We read with much interest the article by Kovacevic et al.  about modern dilemmas in interventional treatment of the left main (LM) disease. The authors described clearly and provided solutions for imaging and functional assessment modalities, procedural issues, and options for overcoming hemodynamic instabilities during the procedure. However, some aspects of LM percutaneous coronary interventions (PCI) were left understated.
As reported by the authors, intravascular ultrasound (IVUS), in addition to the assessment of the intermediate stenosis significance, provides a morphological plaque evaluation. However, IVUS is poorly utilized (16.7% in our last cohort ), especially in predominantly acute PCI centers with a high percentage of ad hoc interventions (63.7% of the patients presented with acute coronary syndrome; 70.0% of the interventions were ad hoc in the same cohort). Yet, the data obtained by IVUS are crucial in foreseeing difficult procedures leading to suboptimal outcomes. Avoiding routine pre-interventional IVUS could elicit worse outcomes. Insight into calcium burden, eccentricity, and particularly nodularity often leads to a change in revascularization strategy. Interventional society is very much aware of the results of the two major LM studies [3, 4] with suboptimal results in PCI arms. The usage of IVUS in these studies was 77% and 72%. In the Nordic-Baltic-British Left Main Revascularization (NOBLE) trial substudy analysis, the usage of IVUS was associated with lower LM target lesion revascularization, although the differences in hard outcomes remained non-significant (5.1% vs. 11.6%; P = 0.01 ; in both studies IVUS was not used for determining the eligibility for PCI strategy, but for post-stenting optimization purposes). Thus, maximizing imaging usage in, preferably, all LM patients with chronic coronary syndrome, and in the majority of acute coronary syndrome patients, or at least in those without acute thrombotic lesions, should be our first goal. I would like the authors to share with readers their current practice and reflections on whether IVUS should be used in all LM PCI procedures.
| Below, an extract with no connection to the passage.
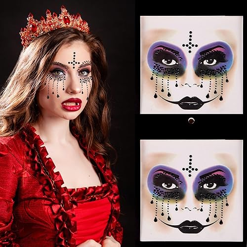 Sparkling Rhinestone Quality: Made Mysterious Black Cat Design:Features an alluring cat eye and delicate whisker design made from sparkling black rhinestones. This unique pattern adds a touch of magical, mischievous elegance to your Halloween or festival makeup, perfect for creating a witch's familiar or a mystical cat persona.with premium acrylic rhinestones that are finely faceted to catch and reflect light from every angle. The high-shine finish ensures your face jewels stand out, even in dim party lighting, for a truly dazzling effect.
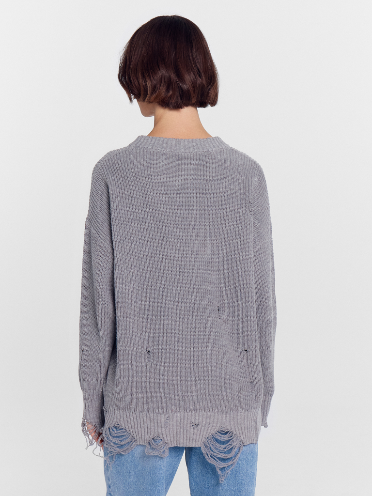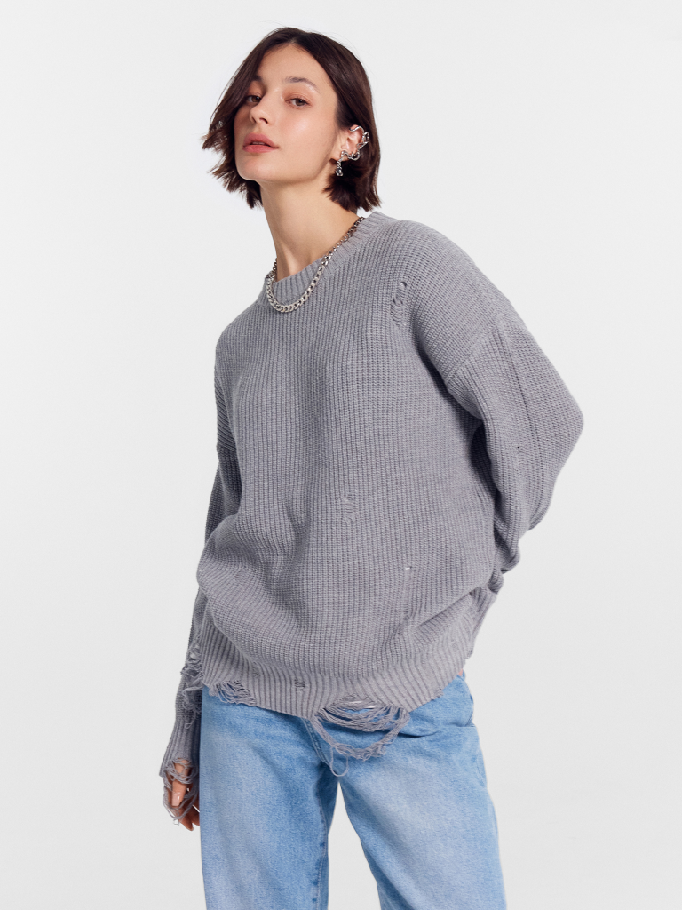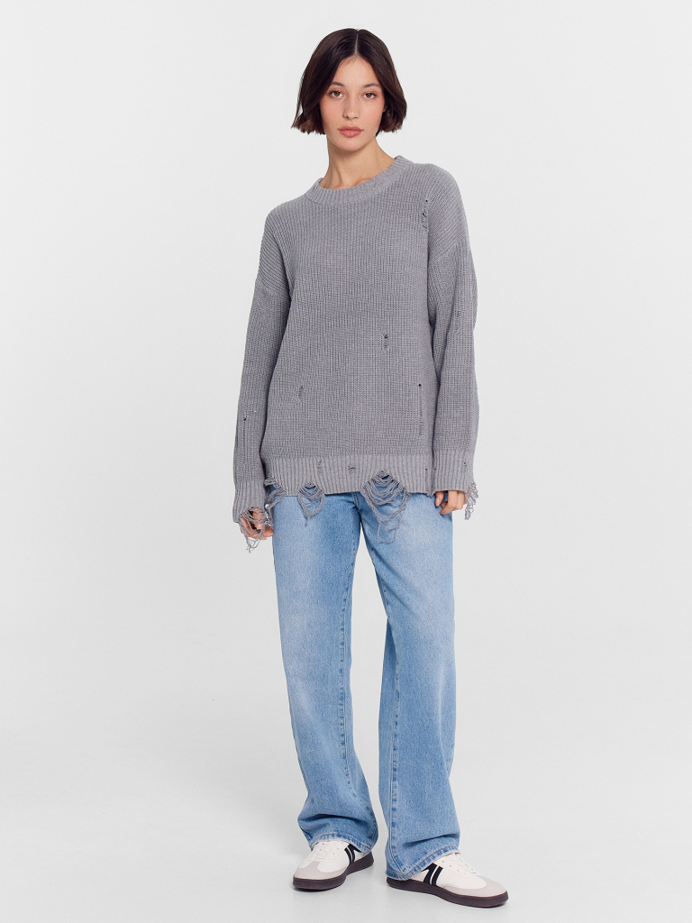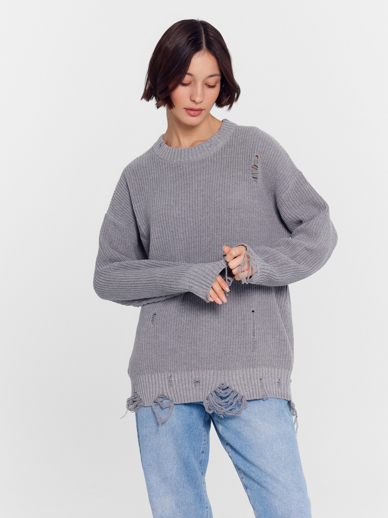 Женский джемпер с рваными деталями - одна из популярных моделей сезона, которая подчеркнет вашу индивидуальность и смелый взгляд на стиль. Модель оверсайз с длинными рукавами обеспечивает комфорт и свободу движений. Особое внимание привлекают стильные декоративные рваные детали, которые придают джемперу оригинальный и современный вид. Эта модель станет ярким акцентом в вашем гардеробе, позволяя создавать стильные и современные образы для любого случая. Рекомендуем!

Recent advances in the PCI strategy (wrist access, potent antiplatelet therapy, debulking devices, latest stent generations, insights into optimal bifurcation technics, options for hemodynamic support) vastly outnumber the advances in surgical strategy. Yet, the PCI strategy is still considered only in the case of patients with a low Synergy Between PCI With Taxus and Cardiac Surgery (SYNTAX) score or those refusing surgery. This “low SYNTAX” score often translates to “low-risk” patients, commonly signifying normal systolic function and an absence of significant comorbidity. Yet those at “high risk” or frail and elderly patients, as Kovacevic et al.  stated, could benefit from PCI supported by decongestive strategies such as Impella (Abiomed, Danvers, MA, USA) or iVAC 2L (PulseCath, Amsterdam, The Netherlands), by simply avoiding surgery. How many patients with successful surgery and unfavorable postoperative course have we seen? Should we look up to our older patients with severe aortic stenosis that we now regularly treat percutaneously? Is it fair time for new noble studies in excelling field of interventional LM revascularisation? I wonder about the opinion and current practice of the authors in the field of LM PCI for high-risk patients with intermediate and high SYNTAX scores; how do the authors translate current recommendations into everyday workflow?
Conflict of interest: MP is a LM interventionalist.